• What the task asks: Beginning with the line that contains "白俄罗斯总统卢卡申科(左)与俄罗斯总统普京。(资料图片)", repeat each line exactly through the end of the listing below. Pictures stay out.

• Data:
········

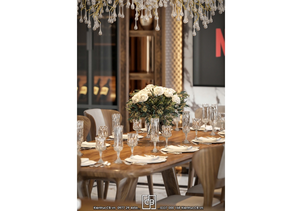 Hệ tủ trưng bày âm tường cùng ánh đèn hắt nhẹ mang lại cảm giác ấm áp nhưng vẫn đầy đẳng cấp. Tổng thể không gian vừa sang trọng, vừa gần gũi – lý tưởng cho những bữa tiệc gia đình ấm cúng.
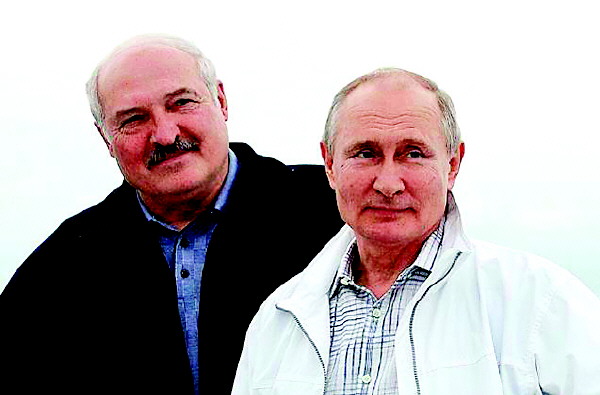 白俄罗斯总统卢卡申科(左)与俄罗斯总统普京。(资料图片)
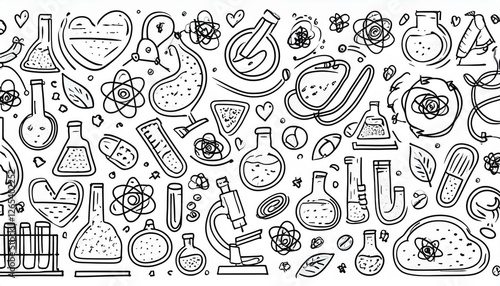 Laboratory doodle icon set. Hand drawn sketch line doodle style scientific education, chemistry laboratory, medicine experiment icon. Microscope, atom, magnet outline element. perfect any project.
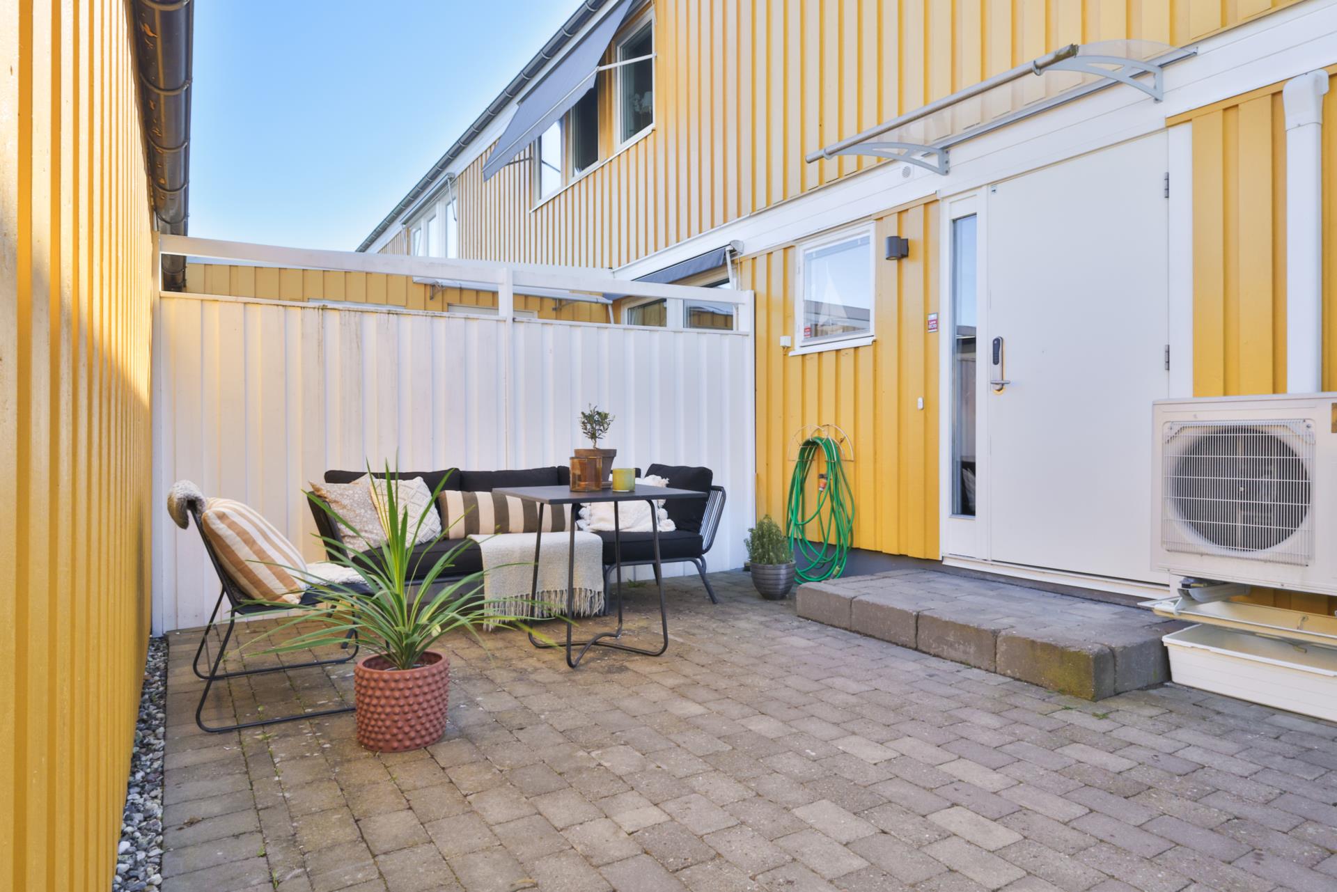 - Uteplats på framsidan med morgonsol och praktiskt förråd intill

········

• Answer to this exercise:
 白俄罗斯总统卢卡申科(左)与俄罗斯总统普京。(资料图片)
 Laboratory doodle icon set. Hand drawn sketch line doodle style scientific education, chemistry laboratory, medicine experiment icon. Microscope, atom, magnet outline element. perfect any project.
 - Uteplats på framsidan med morgonsol och praktiskt förråd intill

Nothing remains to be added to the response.